Facebook (FB): With a push to over thirty bucks achieved last week, Facebook is once again in the good graces of investors. Late-year expirations of share lock-ups did little to spark the rounds of selling seen in such scenarios earlier in the year, as indications are that investors are holding on to those shares in anticipation of future earnings. Facebook's last report noted some positive trends in mobile growth for the company and investors will be keeping a keen eye for a continuation of that trend with this quarter's report. The move to thirty again serves as a nice milestone to open the new year, but the pending quarterly report will provide the near-term catalyst, one way or another. It's also worth considering that although those holding the locked-up shares did not sell at lower levels last year, that's not to say that they won't at higher prices this year.

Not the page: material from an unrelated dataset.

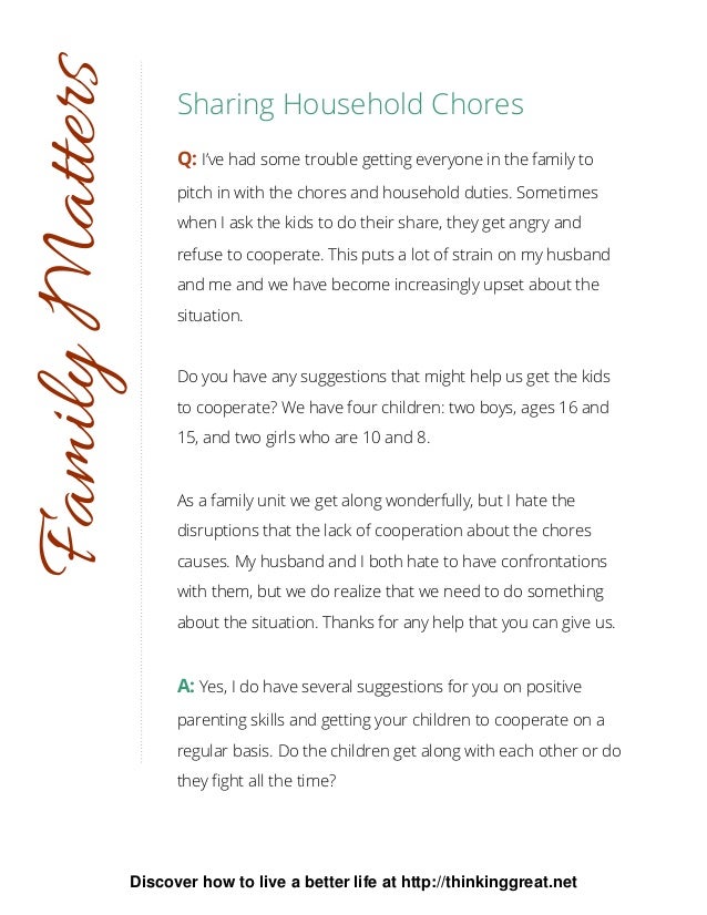Housework Free Essays - StudyMode

FuelCell Energy (FCEL): FCEL shares jumped another three percent on Friday on high volume, continuing a run that has returned more than a thirty percent gain in just the opening weeks of the new year. No news was released in conjunction with last week's move, but investors have been encouraged by recent developments on the business front - notably the deal with Dominion Resources (D) to develop the largest fuel cell power project in North America - and by a modest insider buy last week. The recent move higher on large volume, the significant short interest and the company's positioning for the future will keep this stock as one to watch for the week.

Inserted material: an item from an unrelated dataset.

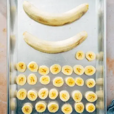 Kolik plátků banánu je v 1 banánu? Použijte poměr 15 1/2 banánových plátků = 1 střední banán. Pokud tedy vaše smoothie vyžaduje 1 banán, použijte asi 15 plátků.

Titan Pharmaceuticals (TTNP): After hovering for the better part of a year at levels nearly a third of the current share price, Titan started making noise late last year when the company landed a partner for Probuphine, a subcutaneous treatment for opioid addiction that is also being investigated for use in treating chronic pain. In December it was noted that a push towards two bucks may materialize as we awaiting an approval decision for Probuphine, especially with partnership news in the rear view mirror, and that move has taken shape during the opening week of 2013 as Titan closed Friday at $1.73. Apple Tree Partners, with whom Titan partnered, has a history in the sector of developing and then selling developmental companies such as TTNP, adding to the speculation that 2013 could turn into a pivotal year validation for the small company. The quick gains returned to TTNP investors over the past couple of months are minimal when compared to the run from a penny to over two dollars of a couple of years ago, but a clean triple is nothing to complain about. Titan's push higher last week and the pending FDA decision still has this one as a story to watch.
Roundup: Some less-than-appealing economic news from Europe did little to keep investors at bay on Monday as world markets pushed higher, positioning US markets to follow suit, barring any negative developments before the market open. Investors may also enjoy the encouraging forecasts regarding the US economy over the next couple of years that were making headlines during the morning hours, but it won't be long before earnings numbers and new data start trumping all else on the market wires. It should be an exciting week ahead for investors and traders alike - and we can all be thankful that talk of the trillion dollar coin has finally been put to rest. That plan had as much chance of coming to fruition as RG III's knee has at ever lasting a full season again.
Disclosure: Long FCEL, INO, AMRN, GE.